If you're interested in actual research, take one computer, install an AMD 7950 for $300, and you will almost certainly blow the doors off a cluster cobbled from old Core 2 Duo's, and you'll save more than $300 in electricity.
It's 2013 don't build your own cluster just use AWS EC2 spot instances.
I'm routinely mounting things in a 42U cabinets that ought not be mounted in them, so I've got *some* insight.
The standard for airflow is front to back and upwards. Doing some sticky note measurements, I think you could mount 5 of these vertically as a unit. I'd say get a piece of 1" think plywood and dado cut channels 1/4" top and bottom to mount the motherboards. This would also give you a mounting spot that you could line up the power supplys in the back. This would also put the Ethernet ports at the back. Another thing this would allow would be for easy removable of a dead board.
Going on this idea, you could also make these as "units" and install two of them two deep in the cabinet (if you used L rails).
Without doing any measuring, I'm suspecting this would get you 5 machines for 7U or 10 machines if you did 2 deep in 7U.

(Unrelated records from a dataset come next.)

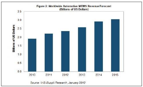 IHS公司認(rèn)為,由于2012年下半年末期廠商削減庫存,預(yù)計(jì)今年銷售額增長率將小幅下降,約為7%。但是,預(yù)計(jì)汽車出貨量增長6%,將抵消庫存下降的影響,而且安全規(guī)定的影響將上升。例如,電子穩(wěn)定控制(ESM)系統(tǒng)在每輛汽車MEMS傳感器價(jià)值中可以占到15美元左右。
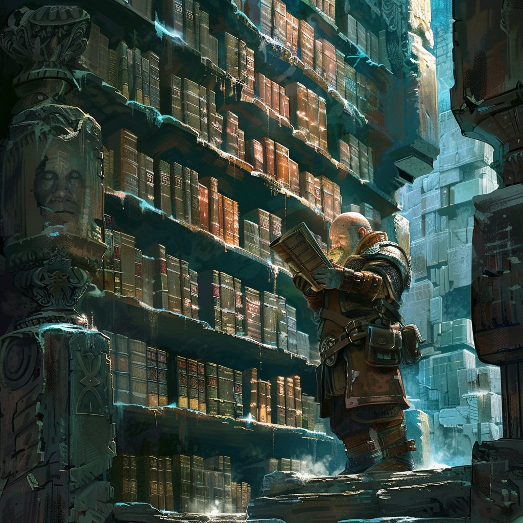 Though he resides on another plane, Dumathoin – dwarven god of secrets and mining – maintains a storehouse of knowledge on the Plane of Earth. It’s one of several planar libraries around the multiverse, but the dwarven monks that maintain it, the Keepers Under the Mountain, hold that this one is the largest. It sits in a tall cleft hidden somewhere in the Stony Expanse, protected by ancient dwarven magic to prevent unwanted prying eyes. The walls of the cleft are lined with shelves upon shelves of books, papers, scrolls, sheaves, and other records of note, ranging from the mundane to the fantastic.
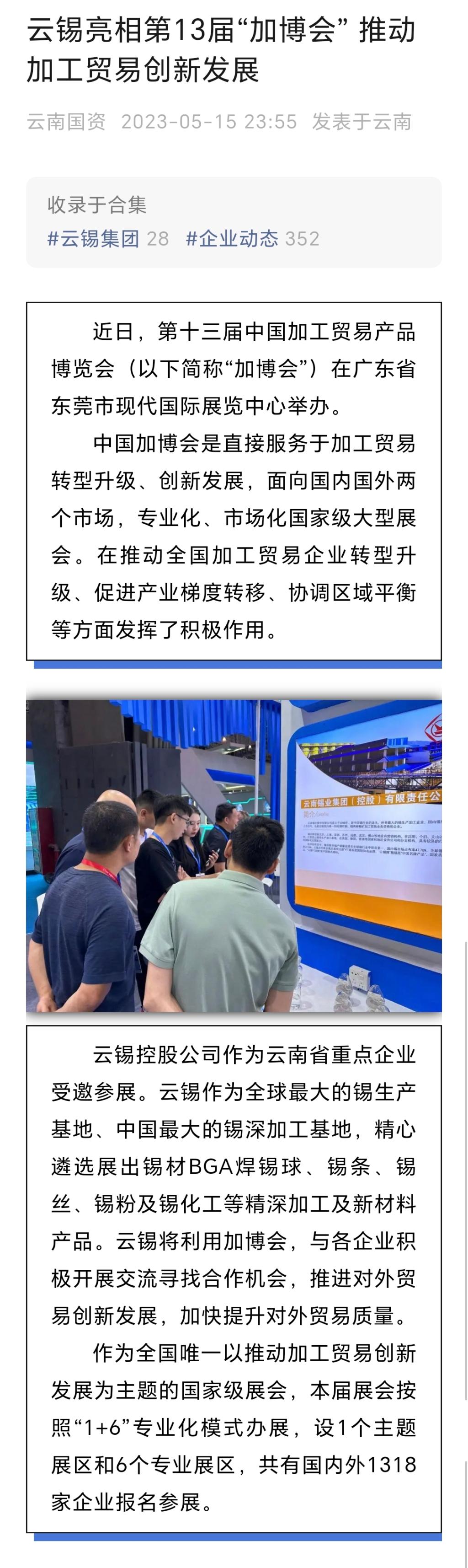 云南國資:云錫亮相第13屆“加博會” 推動加工貿易創新發展
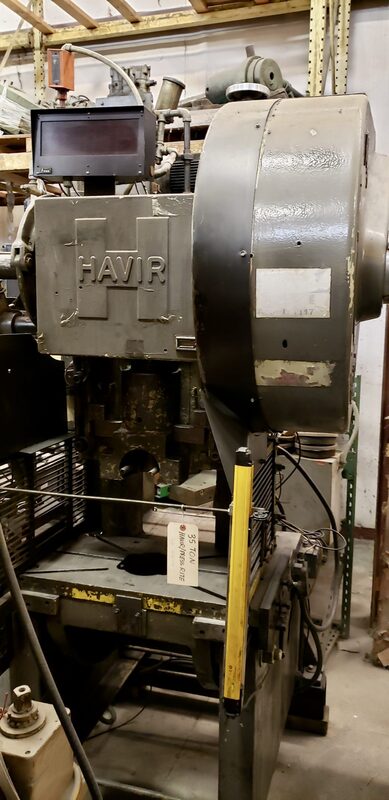 | capacity | 35 ton | stroke | 3" | MAX SHUT HEIGHT TO BED | 9.875" SDAU | BED AREA | 28.5" X 15" (rl x FB) | SPEED | 120 SPM | slide adjustment | 2" - MANUAL | slide area | 10" RL X 8.75" FB (WILL INCLUDE NEW SLIDE SHANK HOLDER FOR RECONDITIONED PRICE) | BOLSTER PLATE | 1.75" H X 28.5" RL X 15" FB (T-SLOTTED) | DIST UPRIGHTS / FLOOR TO BED | 12.5" / 30" | CLUTCH | EATON AIRFLEX CLUTCH & BRAKE | ELECTRICS | 5 HP 1750 RPM 240/480V-3-60 REEVES DRIVE & MODERN RELAY CONTROL | APPROX DIMENSIONS | 8.5' H X 5' RL X 5' FB | APPROX WEIGHT | 5,000 LBS | SLIDE SHANK SIZE | 2.5" OD | Equipped With | FEEDER NOT INCLUDED. | Note | __ |
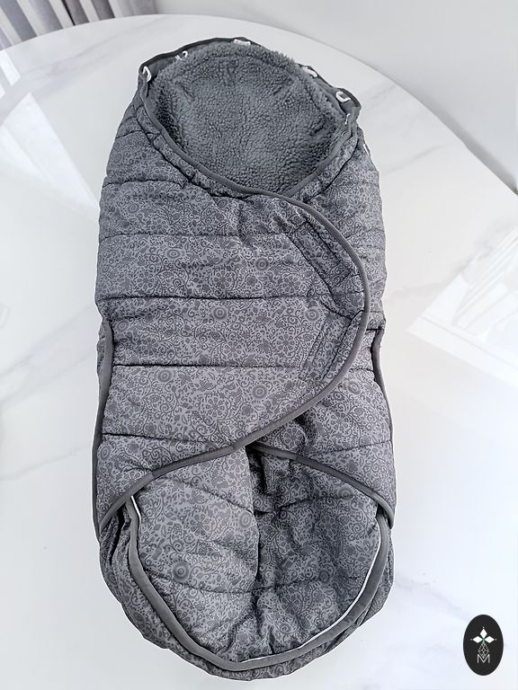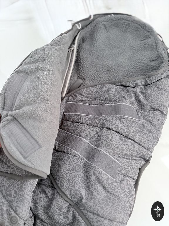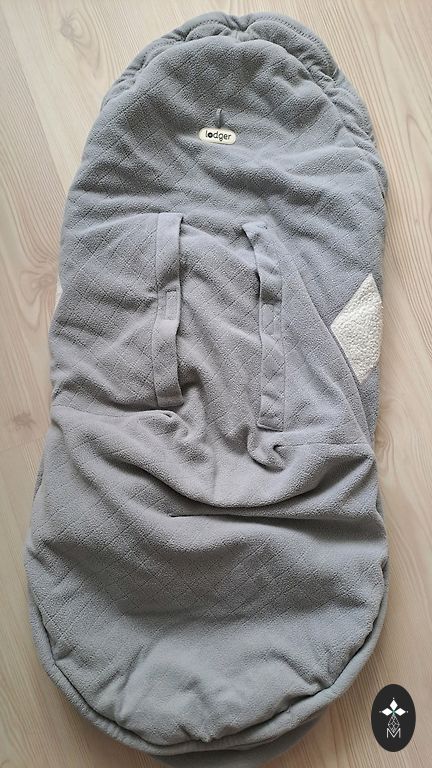 The stroller bag is in good condition, everything is functioning properly, the down is not flattened, the zipper works. There are small spots (visible in the photo) that might be washable, and the rear elastic is slightly detached. The bag is very warm. It can be used both in strollers and sleds.
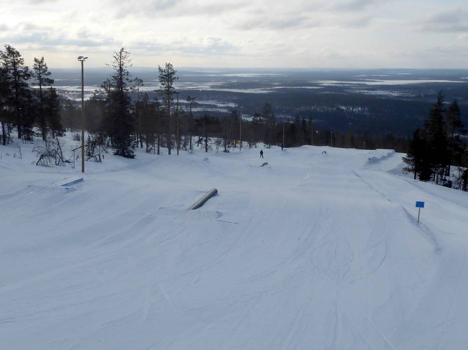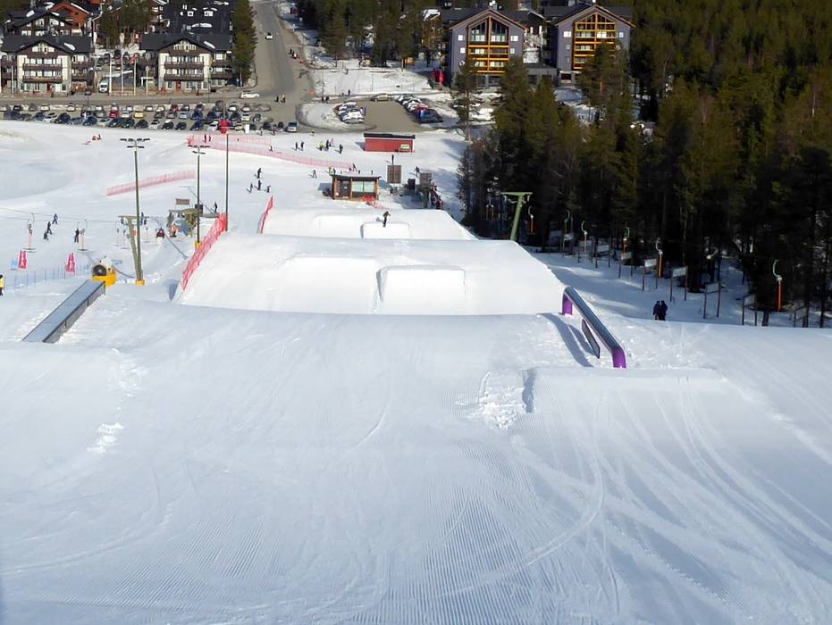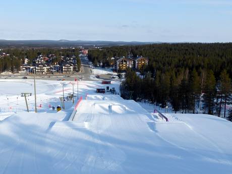 Le snowpark et la superpipe se trouvent sur les Front Slopes avec une vue directe sur le Levi Center. On y trouve des obstacles attractifs pour les bons freestylers et snowboardeurs.

Yes Francis, the world has gone crazy.
What do you intend to use for inter-node communication? Gigabit ethernet? You need to realize that latency in inter-node communication can cause *extremely* poor scaling for non-trivial parallelization. Scientific computing clusters typically use infiniband or something like it, which has extremely slow latency, but the equipment will cost you a pretty penny. If you are interested in doing computations across multiple computing nodes, you should really setup just two nodes and benchmark what kind of speed increase there is between running the job on a single node and on two nodes. My guess is that you are going to get significantly less than a 2x speedup. It is entirely possible that the calculation will be *slower* on two nodes than on just one. Of course, if you are just running a massive number of unrelated calculations, then inter-node communication becomes much less important, and this won't be an issue.

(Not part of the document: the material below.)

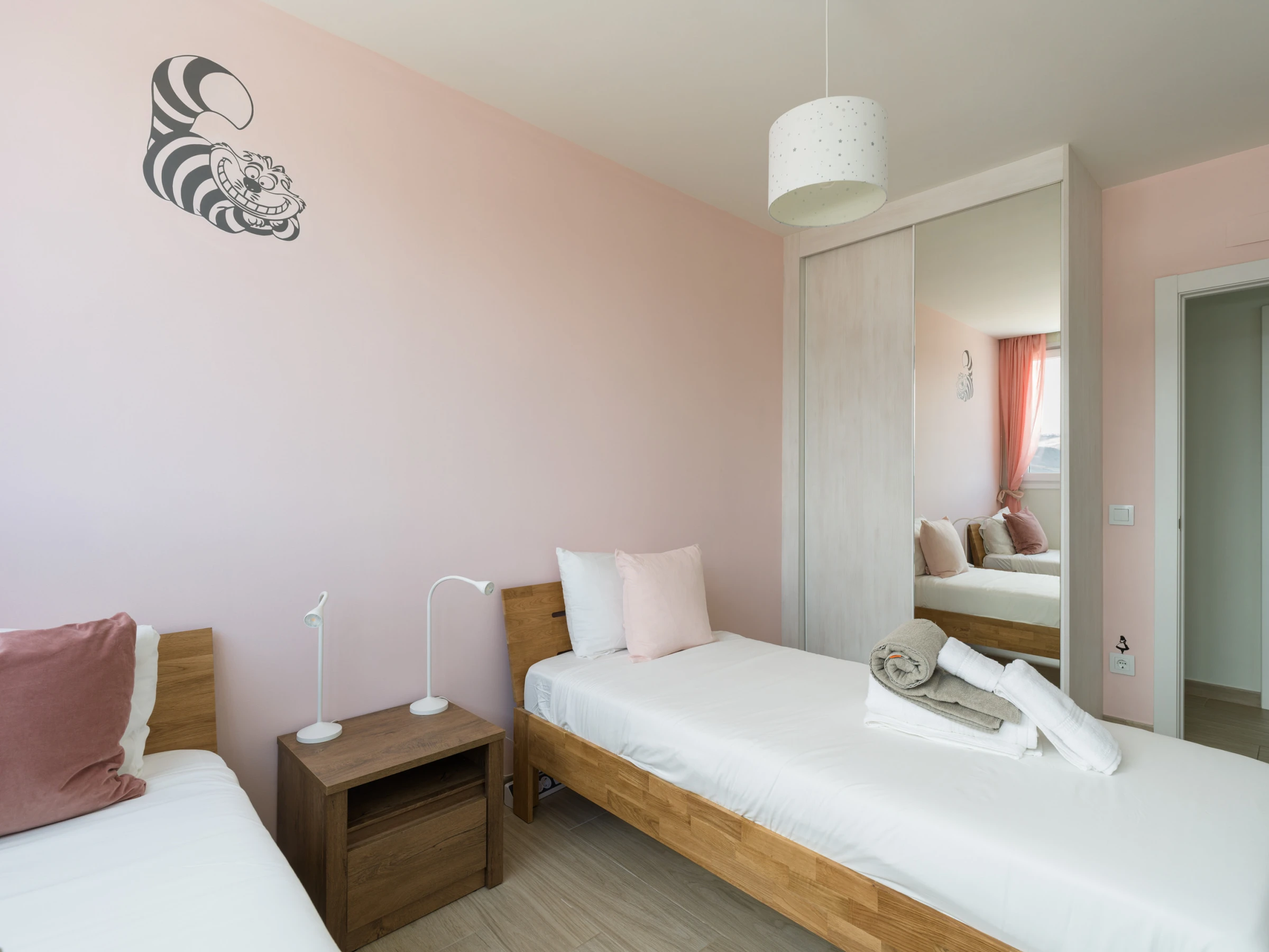 Le logement dispose de 3 chambres pouvant accueillir jusqu'à 6 personnes, réparties avec 1 lit double et 4 lits individuels. Il comprend 2 salles de bains complètes avec douche, idéales pour les familles ou les groupes qui apprécient l'intimité et le confort.
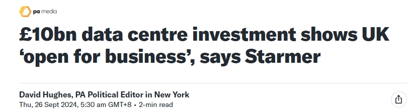 - 黑石集团将投资100亿英镑在英建设新人工智能数据中心,这将创造4,000个就业岗位,并表明英国对商业持“开放”态度…

It may initially seem like a good idea, but if the population isn't homogeneous, you could find your time eaten up looking for spares. With a single type of PC, a node can be sacrificed to keep others running. But these are systems near the end of their design lifetime (and loaded with dust -- and who knows what else?) so components (fans, HDDs, power supplies) are going to be starting to fail more frequently. And the rats' nest of power cables! Perhaps a bunch of multiprocessor, multicore server blades would be a better choice? They go pretty cheaply, and you'd get more cores per power supply, and use less floor space to boot, by rack mounting them.
Scientific American article: http://www.scientificamerican.com/article.cfm?id=the-do-it-yourself-superc
Your solution will take 14 servers, connect them with ancient 1GbE interconnect and hope for the best. The interconnect for clusters REALLY matters, many problems are network bound - and not only network bound but latency bound as well. Look at the list of fastest supercomputers and you will barely see Ethernet anymore (especially at the high end) and definitely not 1GbE. Your new boxes will probably come with 10GbE that will definitely help... Especially since there will be fewer nodes to have to talk to (only 2, maybe 4)

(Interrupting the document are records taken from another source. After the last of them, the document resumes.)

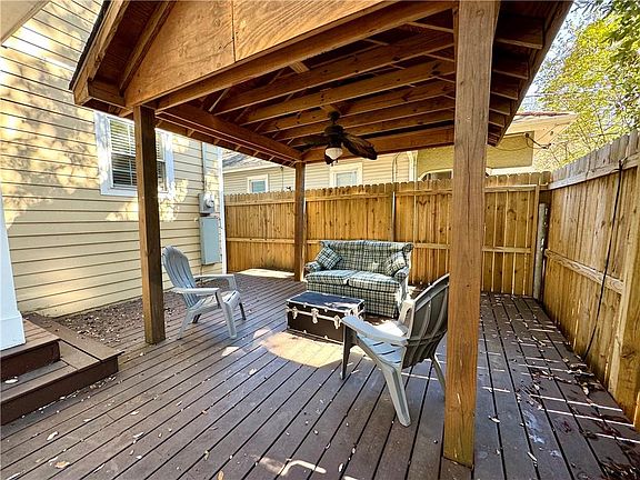 Discover this charming 15-year-old home on historic Palmer Avenue, just steps from Tulane University—perfect for LOW insurance! This delightful Uptown residence features upgraded finishes throughout, including unique lighting and gleaming hardwood floors. The spacious chef's kitchen boasts luxurious marble and granite accents and flows into an open floor plan ideal for entertaining. The versatile first floor includes an eat-in kitchen bar, and a separate den that can easily serve as a fourth bedroom. Enjoy an extra-large primary bedroom with a platform Jacuzzi tub in the en-suite bathroom and a HUGE walk-in closet! The outdoor spaces are perfect for BIG gatherings, featuring a long party deck, a covered seating area, a carport, and two inviting covered New Orleans porches for relaxation. Experience a wonderful blend of style, functionality, and prime location—come see!
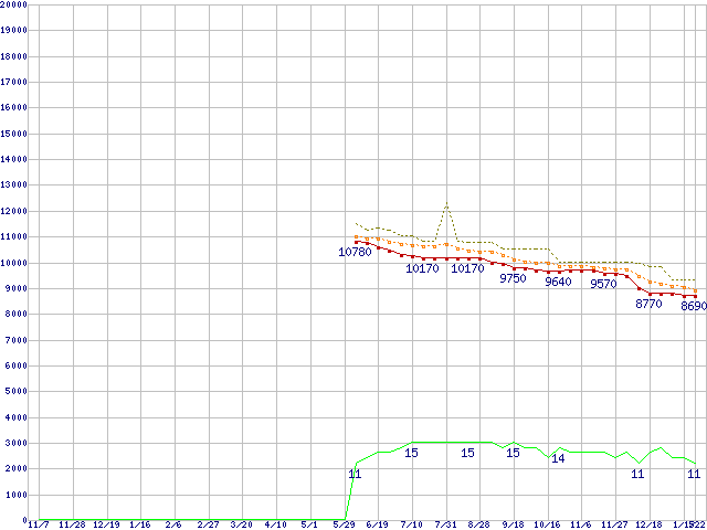 | Phenom II X2 550 Black Edition (3.1GHz,L2 512KB×2,L3 6MB)の価格推移 |
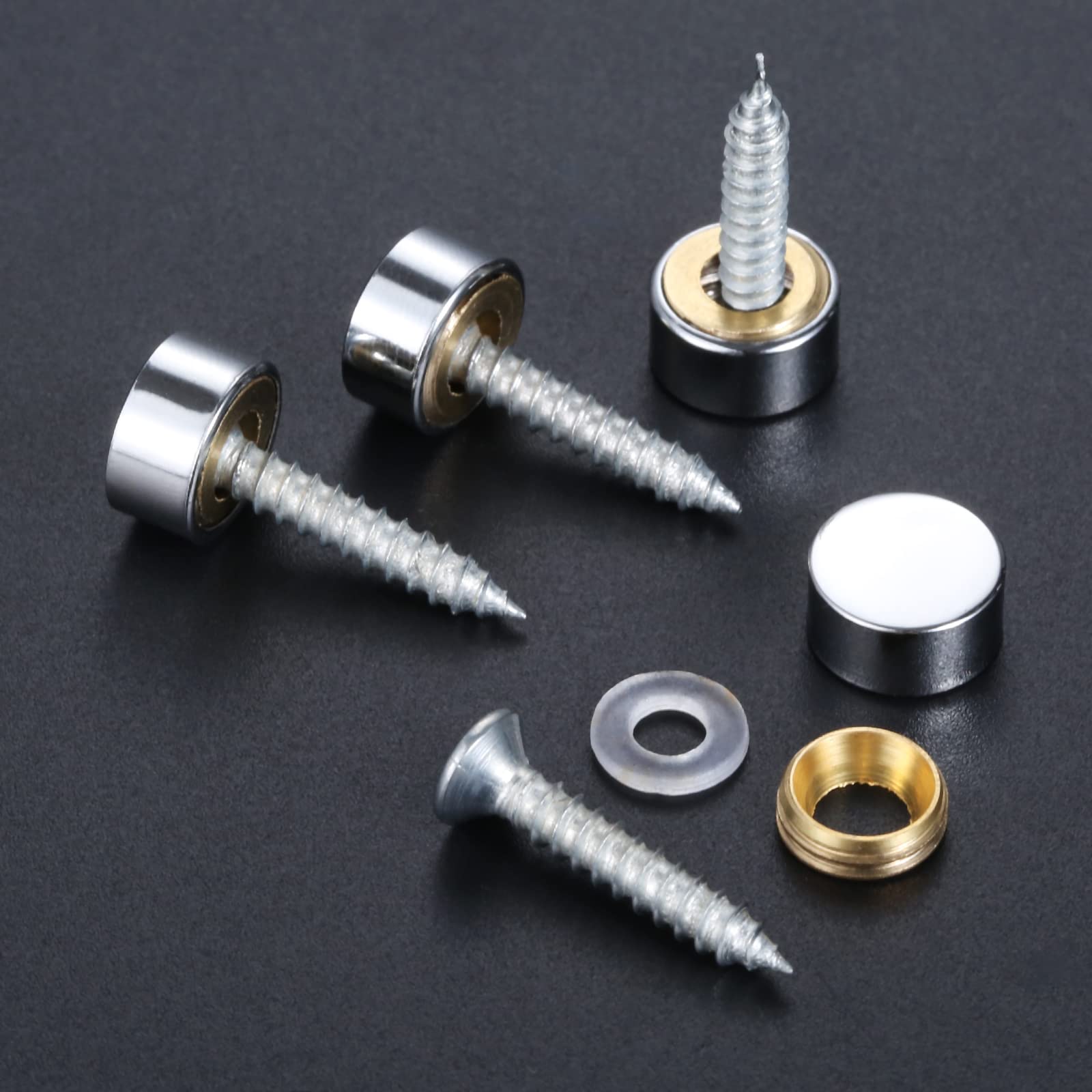 【仕様とサイズ】:カラー:シルバー 。材質:銅。サイズ:キャップ直径10mm 。ネジ直径3.5mm 。ネジの長さ:19.62mm。【パッケージ内容】:本体8個+取付ネジ8本+ネジワッシャー8個。(アンカーは付いていません。)

The other problem that you will run into is your system will take about 20x the power and 20x the air conditioning bill (yeah - that is a LOT of power there), the modern new system will pay for itself in 9-12 months (and that doesn't include the tax deduction for donating the old systems and making them Someone Else's Problem)
Recycling old hardware always seems like fun. At the end of a piece of hardware's life cycle look at what it will actually cost to keep it in service - Just the electricity bill will bite you hard, then you have the maintenance, and fun reliability problems.
I have mod points and I am not afraid to use them
You're wasting your time with UPS if you don't have a Cabinet sized supply. The MTBF, maintenance, efficiency etc just doesn't make sense.
Put real money into making your cluster redundant or don't have a UPS at all.
You ought to consider what the cost of doing this with Amazon S3 or similar services might be.
I have a feeling you don't have any specific computation goals though, so it will be difficult to measure success.
( former builder of a 80 node 2 way Pentium III 1GHz cluster back in the day.)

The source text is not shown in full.